Jack Butler Yeats RHA (29 August 1871 – 28 March 1957) was an Irish artist and Olympic medalist. W. B. Yeats was his brother.

Butler's early style was that of an illustrator; he only began to work regularly in oils in 1906. His early pictures are simple lyrical depictions of landscapes and figures, predominantly from the west of Ireland—especially of his boyhood home of Sligo. Yeats's work contains elements of Romanticism. He later would adopt the style of Expressionism.

Biography
Yeats was born in London, England. He was the youngest son of Irish portraitist John Butler Yeats and the brother of W. B. Yeats, who received the 1923 Nobel Prize in Literature.
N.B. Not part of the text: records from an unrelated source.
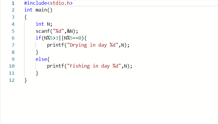 中国有句俗语叫“三天打鱼两天晒网”。假设某人从某天起,开始“三天打鱼两天晒网”,问这个人在以后的第N天中是“打鱼”还是“晒网”?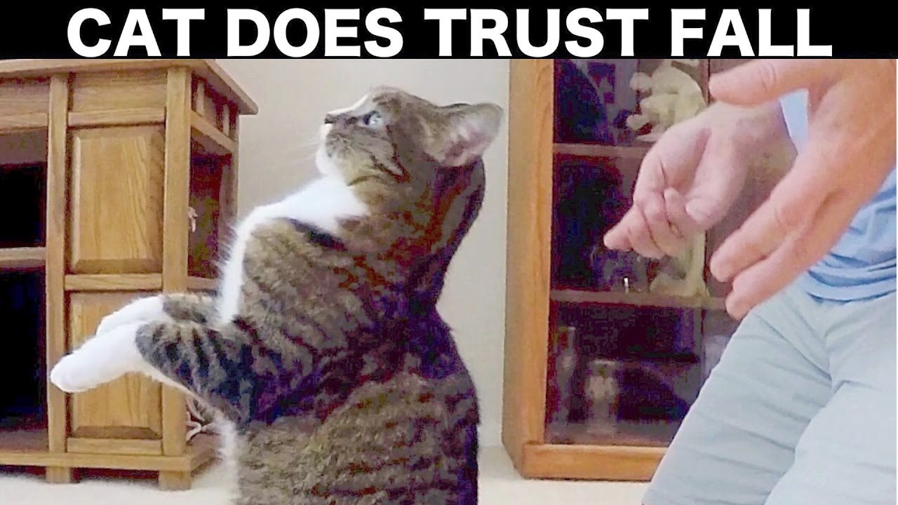 Didga, the cat, (short for didgeridoo) has learned the amazing trick of “trust falling” backwards into the hands of her human and trainer, Robert Dollwet.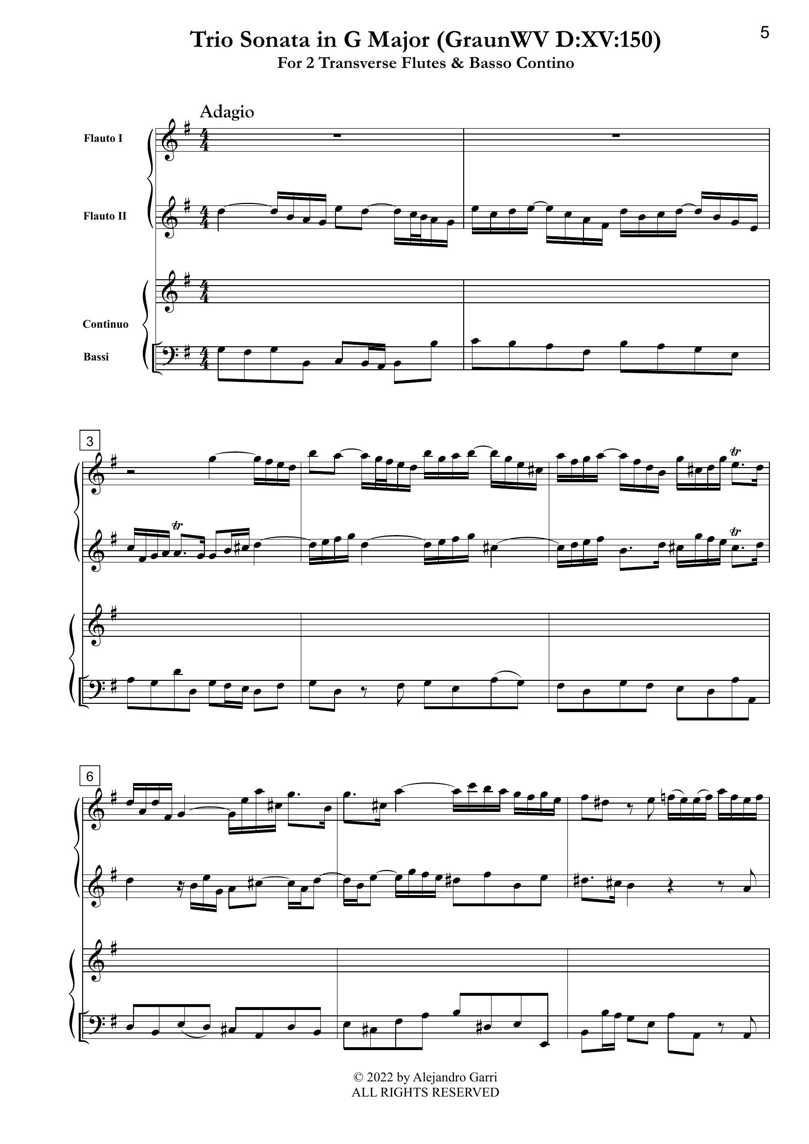 Graun, Carl Heinrich (1703/04-1759) Trio Sonata in G Major (GraunWV D:XV:150), for 2 Transverse Flutes & Basso Continuo (full score & 3 parts)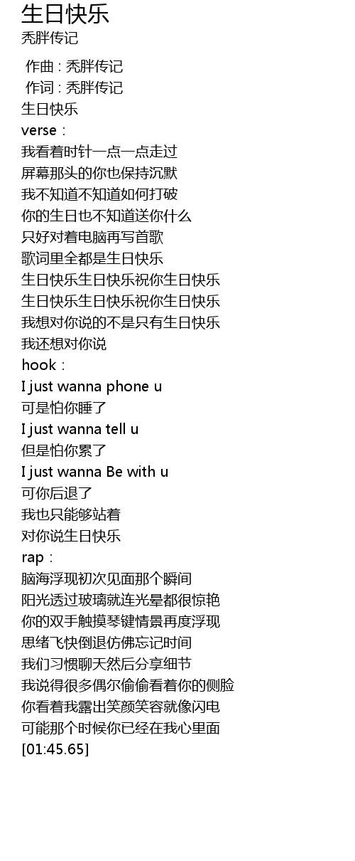 | [00:45.45] | wo xiang dui ni shuo de bu shi zhi you sheng ri kuai le |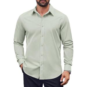 COOFANDY Mens Dress Shirts Long Sleeve Casual Button Down Shirts Formal Business Shirt(Light Green)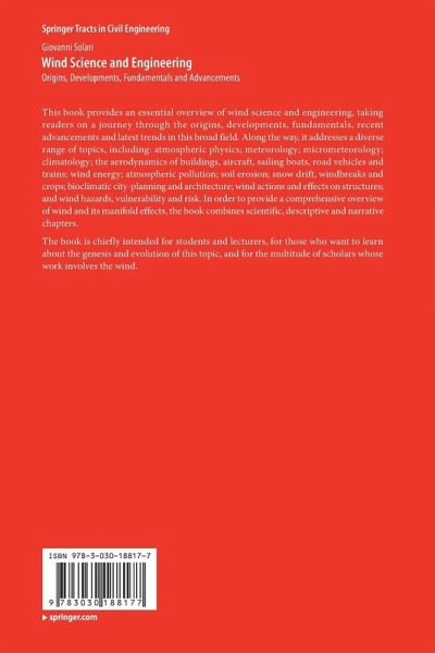 This book provides an essential overview of wind science and engineering, taking readers on a journey through the origins, developments, fundamentals, recent advancements and latest trends in this broad field. Along the way, it addresses a diverse range of topics, including: atmospheric physics; meteorology; micrometeorology; climatology; the aerodynamics of buildings, aircraft, sailing boats, road vehicles and trains; wind energy; atmospheric pollution; soil erosion; snow drift, windbreaks and crops; bioclimatic city-planning and architecture; wind actions and effects on structures; and wind hazards, vulnerability and risk. In order to provide a comprehensive overview of wind and its manifold effects, the book combines scientific, descriptive and narrative chapters.

He grew up in Sligo with his maternal grandparents, before returning to his parents' home in London in 1887.

Yeats attended the Chiswick School of Art with his sisters Elizabeth and Susan, learning "Freehand drawing in all its branches, practical Geometry and perspective, pottery and tile painting, design for decorative purposes – as in Wall-papers, Furniture, Metalwork, Stained Glass".

Early in his career, Yeats worked as an illustrator for magazines like the Boy's Own Paper and Judy, drew comic strips, including the Sherlock Holmes parody "Chubb-Lock Homes" for Comic Cuts, and wrote articles for Punch under the pseudonym "W. Bird". In 1894 he married Mary Cottenham, also a native of England and two years his senior, and resided in Wicklow according to the Census of Ireland, 1911.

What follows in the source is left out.